Altun, iki ülke arasındaki siyasi ve ekonomik ilişkilerin, dostluk ilişkisini tarif etmek için yeterli olmadığına işaret ederek, şu değerlendirmelerde bulundu: “Bunu ancak ortak bir kültürel zemine oturtabildiğimiz müddetçe geleceğe daha umutla bakabileceğimizi, ülkelerimiz arasındaki dostluğun kültürel ilişkiler yoluyla güçlendirilebileceğini düşünüyorum. Bunun için de gerekli olan en büyük imkana sahibiz. Ortak bir dil ailesinin renkleriyiz. Tarihin çeşitli dönemlerinde siyasi ve ekonomik ilişkilerimiz farklı haller almış olabilir ancak ortak kültürel sermayemiz sapasağlam bir yerde durmaktadır ve Özbekistan ile Türkiye’yi birbirine bağlamaya devam etmektedir. Uluğ Bey’den Ali Kuşçu’ya, ondan da Fatih Sultan Mehmet ve Sahn-ı Seman Medresesi’ne uzanan bilimsel ve kültürel yolculuğunu kim inkar edebilir? İmam Buhari, Tirmizi, Harezmi, Biruni, İbni Sina ve Ömer Hayyam gibi yıldızlarla bezenmiş kültür ve medeniyet havzasının üzerinde oturduğumuzu kim görmezden gelebilir? Bugün Özbekistan ile Türkiye arasındaki ilişkiler siyasi ve stratejik açıdan ne anlam ifade ederse etsin öylesine bir sağlam kültür zemininde oturmaktadır ki toplumsal kardeşlik duyguları her zaman dostane ilişkileri ateşleyecek nitelikte olacaktır. Şimdi Türkiye ile Özbekistan arasındaki sağlam zemin üzerine daha rafine ve daha güçlü bir ilişki inşa etmeyi amaçlıyoruz.”

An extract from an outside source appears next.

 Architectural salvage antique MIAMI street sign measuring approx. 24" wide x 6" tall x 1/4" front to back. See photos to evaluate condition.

“İki ülkenin sesi aracısız bir biçimde duyulmalı”
Bunun için de iki ülke arasında doğrudan iletişim ve etkileşimin kapılarını ardına kadar açmak gerektiğini ifade eden Altun, “Özbekistan’ın sesi Türkiye’den, Türkiye’nin sesi de Özbekistan’dan aracısız bir biçimde duyulmalı. Diyaloğumuz devletten devlete ilişkinin ötesinde toplumdan topluma bir ilişki biçimine oturtulmalıdır” dedi.

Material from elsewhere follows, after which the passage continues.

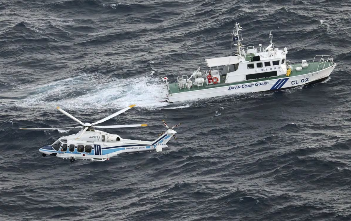 Tàu và trực thăng cảnh sát biển Nhật Bản tiến hành hoạt động tìm kiếm cứu nạn tại địa điểm máy bay quân sự V-22 Osprey của Mỹ rơi xuống biển ngoài khơi đảo Yakushima, tỉnh Kagoshima, Nhật Bản. (Ảnh: Reuters)
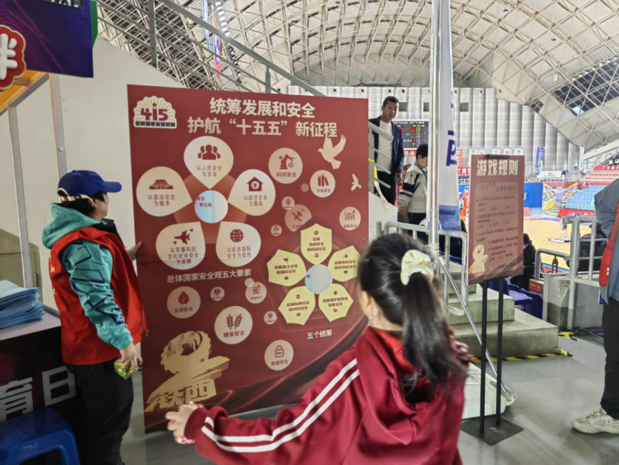 现场设置了三大功能区,静态展示区通过主题展板,解读总体国家安全观的核心内涵和发展历程;互动打卡区的创意背景板将篮球与国家安全元素充分结合,吸引观众驻足拍照、打卡分享;人气最高的是动态参与区,“定点投掷沙包”趣味游戏前排起了长队,参与者只需正确回答一道国家安全知识选择题,即可获得投掷机会,赢得文创礼品。

Altun, güçlü dostluk bağlarının her iki ülkenin de karşılaşacağı jeopolitik ve jeoekonomik meydan okumaları aşmasında önemli bir kültürel sermaye olacağını vurgulayarak, “Belirsizliklerin ve risklerin daha çok arttığı bir dönemde Özbek kardeşlerimizle beraber yürümek Türk milleti ve devleti için büyük bir ayrıcalık olacaktır” görüşüne yer verdi.